SCOOP Runtime
To implement the SCOOP runtime I use a technique that tries to provide only the simplest guarantee: that once a processor is acquired, the calls that are issued on it from another processor are executed in the order they are dispatched.
Implementation of a processor
I represent a processor (essentially) as a work queue. This queue holds the jobs that the processor has to complete. However, the clients that have issued these jobs must have the assurance that they can maintain pre-/postcondition reasoning between the calls they have sent to the supplier processor.
This is the fundamental guarantee that I aim to provide.
Of course one way to do this is to give each client processor exclusive access to the supplier processor's work queue. This is the situation below where processor x has first acquired the supplier processor, and logged all the calls it wishes, followed by processors x and y.
As a solution to this, I propose using a queue of queues. This is slightly more complicated than the naive solution above, but offers better scalability. Each processor holds a queue, and each element in the queue represents a connection with a client processor. Each client is free to fill these queues as they wish, in parallel with one another.
- The contention for the supplier processor is reduced, while the queue of queues is not yet ful it can service many different clients.
- Since each client has their own private queue for the supplier they share less memory, which is lowers memory contention in multicore systems, lowering cross-core communication.
Of course these just describe the data structures used, the actual computations are performed by a processor thread. However, the processor thread actually has a very simple implementation: it just pulls private queues off of the queue of queues and processes the work inside the private queues until they are signaled as done.
The private queue
The private queue that links the client and the supplier processor has the responsibility of logging calls and tracking what sort of calls have been logged. Logging the calls for queries means waiting on the result to arrive before returning from the private queue.

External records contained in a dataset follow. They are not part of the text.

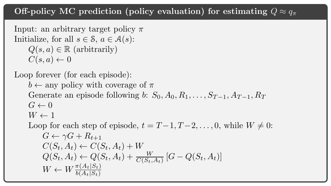 $$ V(s) \doteq \frac{\sum_ {t \in \mathcal{T}(s)} \rho_ {t: T(t)-1} G_ {t}}{\sum_ {t \in \mathcal{T}(s)} \rho_ {t: T(t)-1}} $$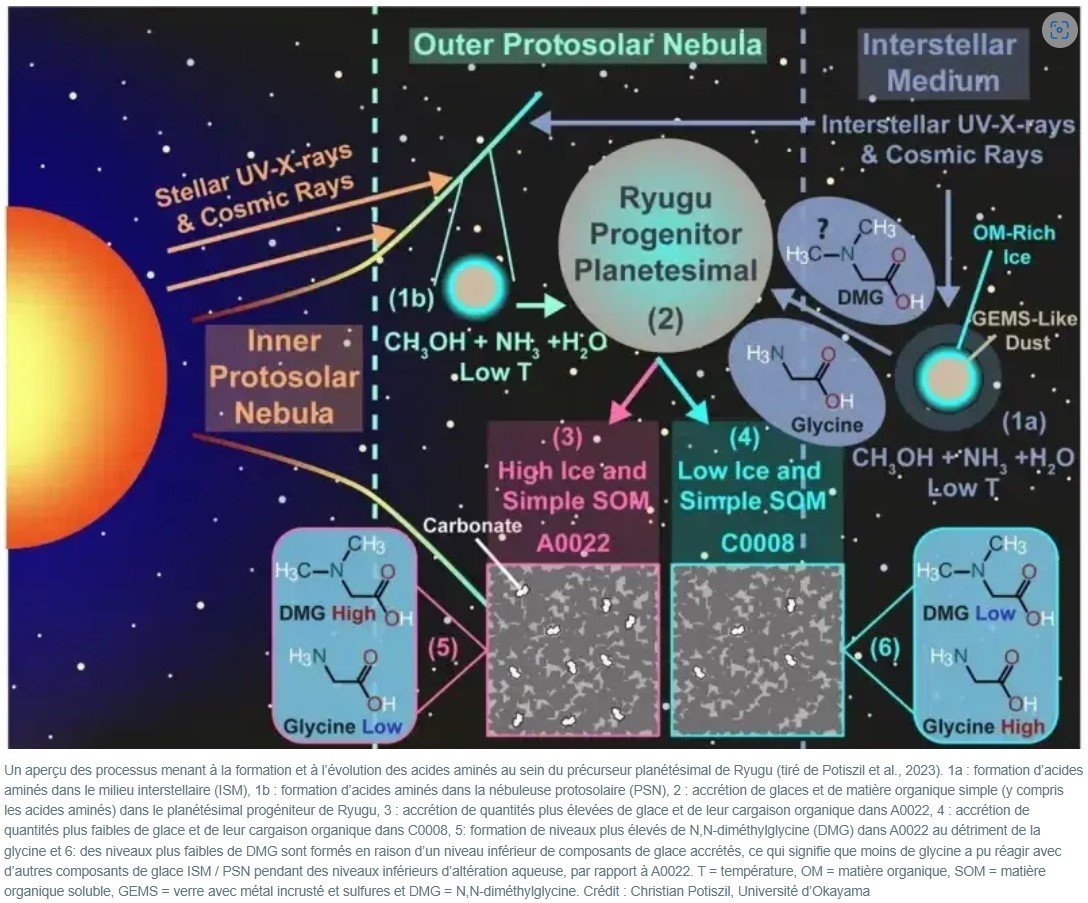 Dans l’ensemble, les résultats de l’étude indiquent que de légères différences dans les conditions présentes lors de l’altération aqueuse sur les planétésimaux peuvent avoir des effets importants sur les abondances finales des acides aminés. Certains acides aminés peuvent être détruits et d’autres créés, ce qui affectera à son tour la disponibilité des acides aminés à l’origine de la vie sur Terre.
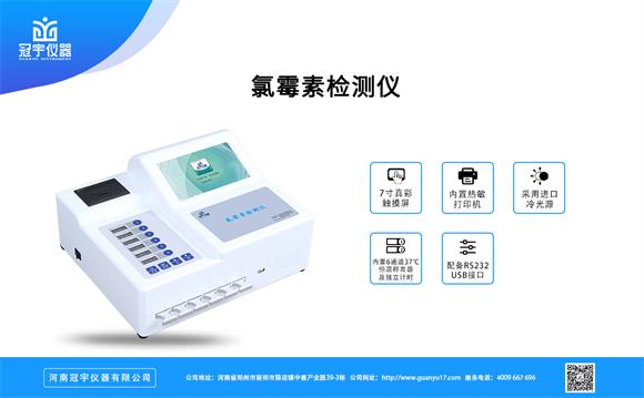 河南冠宇儀器有限公司專業生產氯霉素檢測儀GY-720應用競爭抑制免疫層析的原理,通過檢測線熒光定量卡中的熒光強弱程度,定量分析待檢樣品中氯霉素殘留含量。適用于食品安全監測中心、食品生產加工、食品加工貿易、畜禽養殖戶自查、工商質監部門用于市場快速篩查等。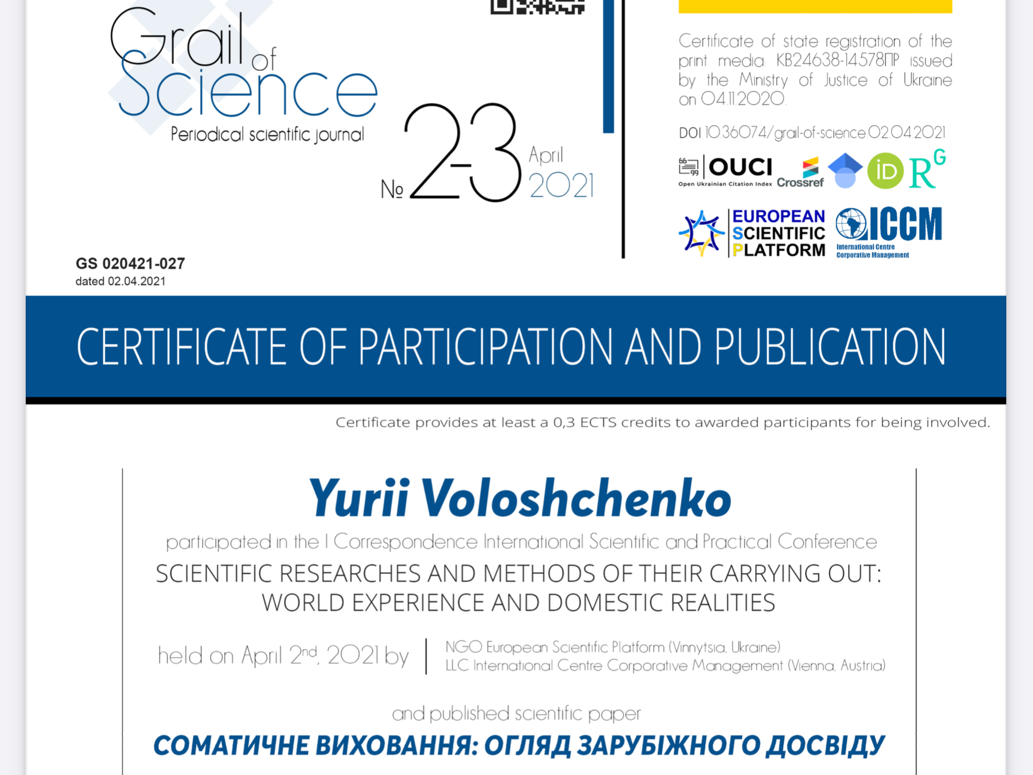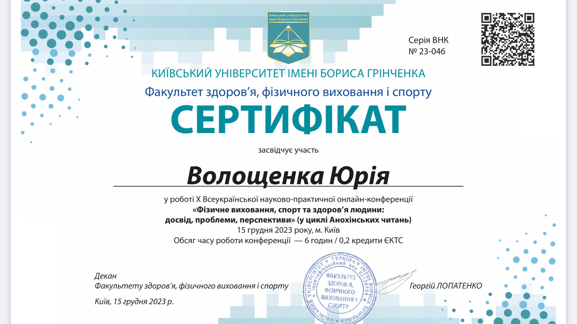 | 4225 | International Scientific and Practical Conference HEALTH, PHYSICAL EDUCATION AND SPORT: PERSPECTIVES AND BEST PRACTICES | Somatics in the work with students of special medical groups | Kyiv, Borys Grinchenko Kyiv University |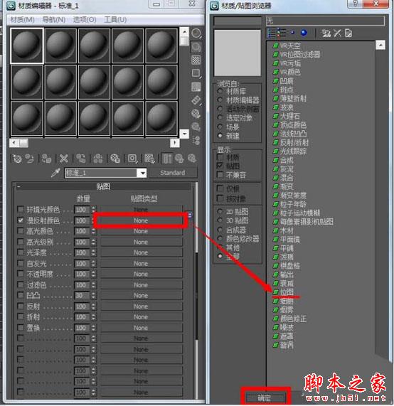 4、找到“貼圖”,點(diǎn)擊“貼圖”—勾選“漫反射顏色”—點(diǎn)擊“none”—打開“材質(zhì)/貼圖瀏覽器”—選擇“位圖”—點(diǎn)擊“確定”—選中一張你要貼圖的圖片—點(diǎn)擊“打開”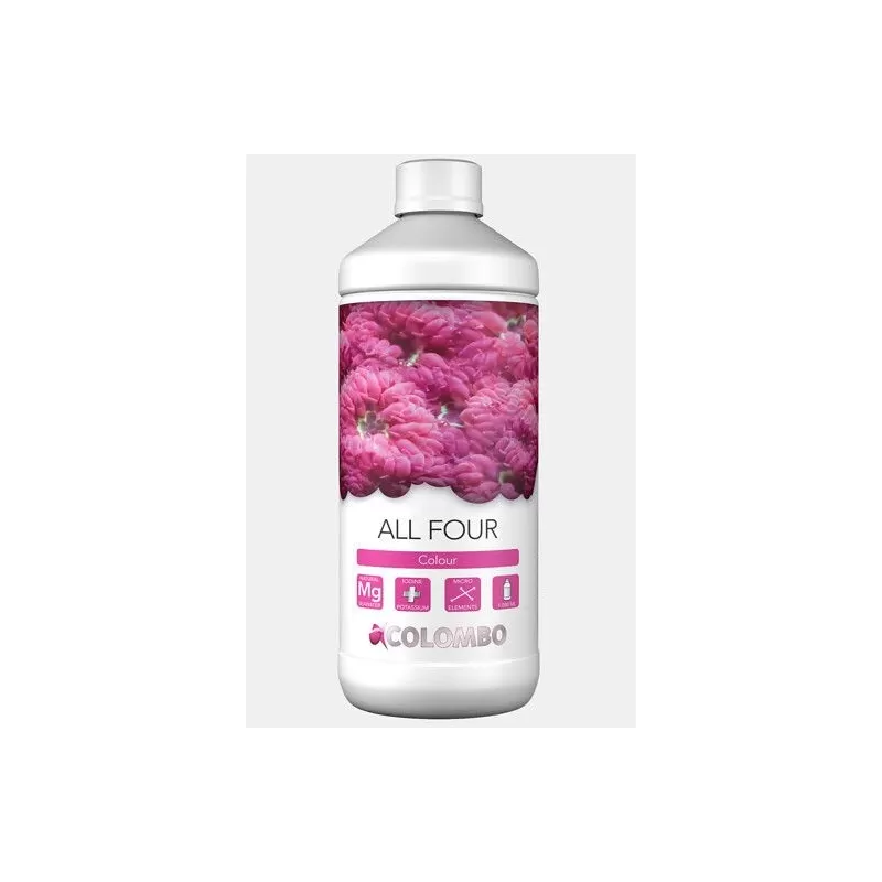 Voor een succesvol aquarium is het zaak de waterwaarden stabiel en op niveau te houden. Met Colombo All Four kunt de waterwaarden op een eenvoudige manier onderhouden. Colombo All Four bevat Magnesium en en tal van andere elementen zoals Ijzer, Kalium en Jodium, die belangrijk zijn voor de kleuring van het koraal.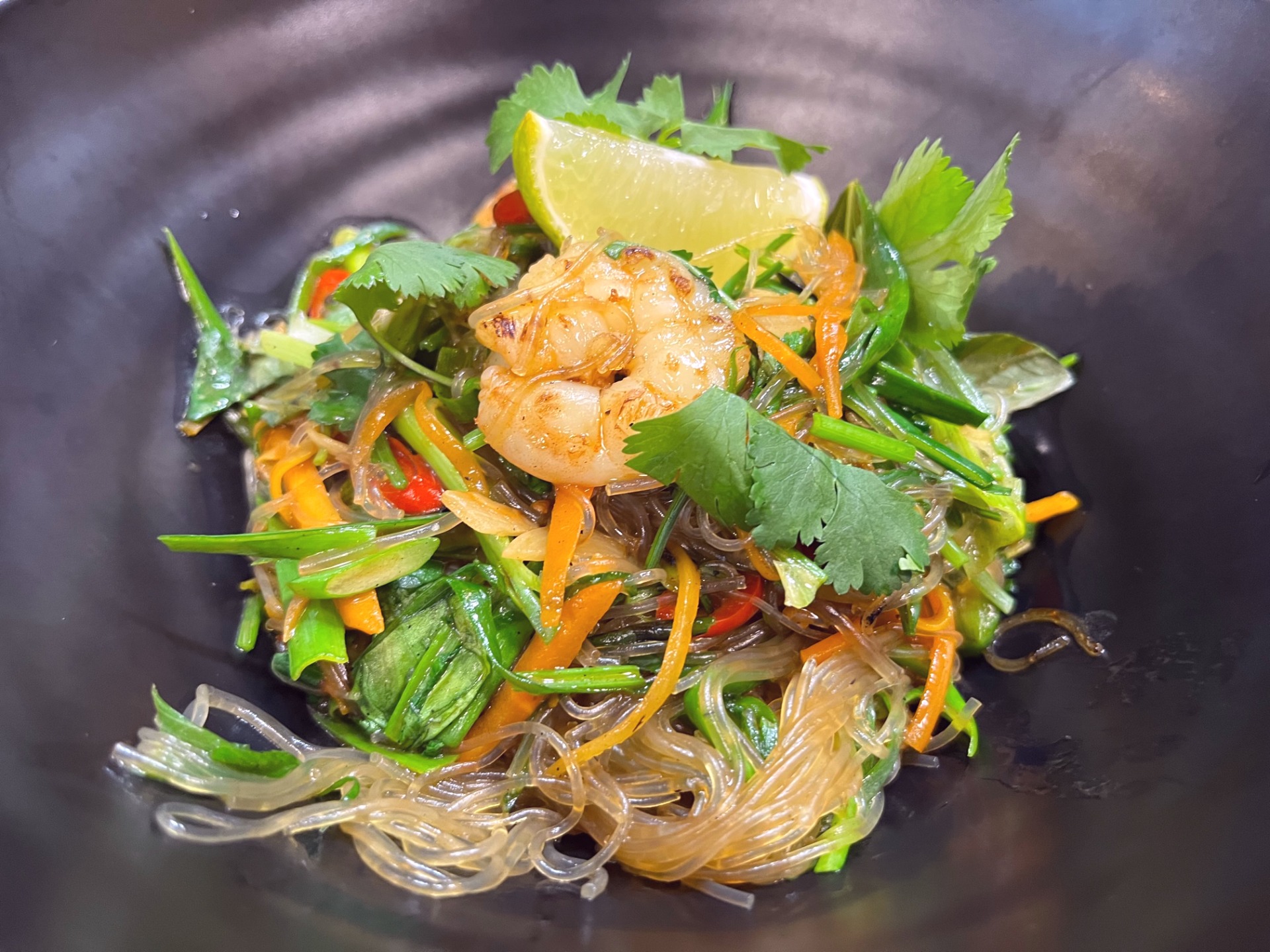 červené thajské curry s kuřecím masem, jasmínová rýže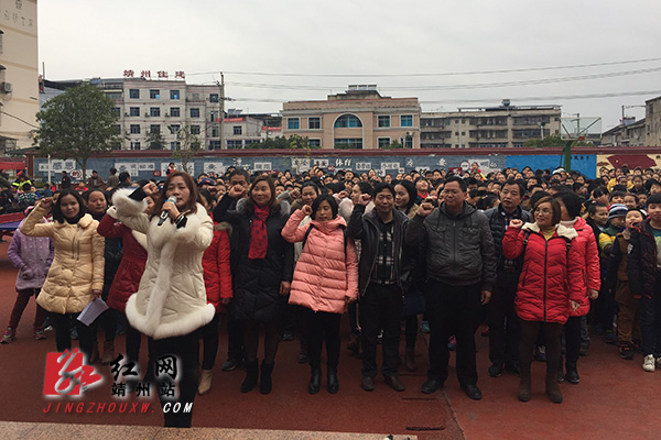 靖州新闻网·红网靖州站讯(通讯员 禹亚金) 2月24日下午,飞山小学六年级全体师生在学校篮球场参加了2017年六年级师生动员大会。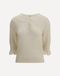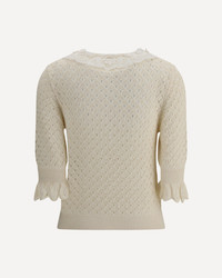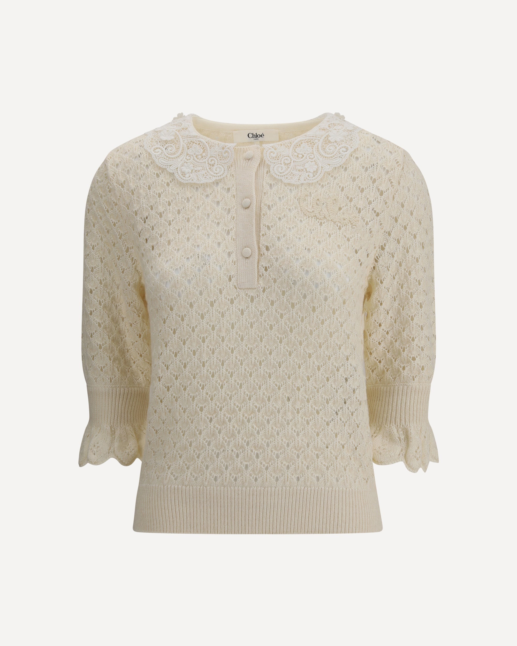 Chloe Sweater is a refined piece that combines delicacy and craftsmanship. It features a distinctive embroidered collar that adds a touch of elegance, and a mid-bust front button closure that defines the style. The openwork knit design lends a light and sophisticated texture. The 3/4 sleeves are embellished with scalloped ruffle cuffs, adding a romantic and feminine detail, while the ribbed hem completes the garment with a curated finish. DETAILS - Sku: CH25AMP47590_107 - Season: AW25 - Fit: Regular - Composition: GENERAL 72% Cotton 17% Alpaca Vicugna Pacos 11% Silk - MADE IN ITALY

The private queue performs very simple tracking, namely remembering if the last call made was a query. If the last call was a query, that means that any subsequent calls that are logged through the private queue can actually be performed directly by the client instead of by the supplier processor. This is because if the last completed action was a query, the supplier can not have any work remaining on it. Therefore, there is no harm (as the result cannot change) in executing the query directly on the client side.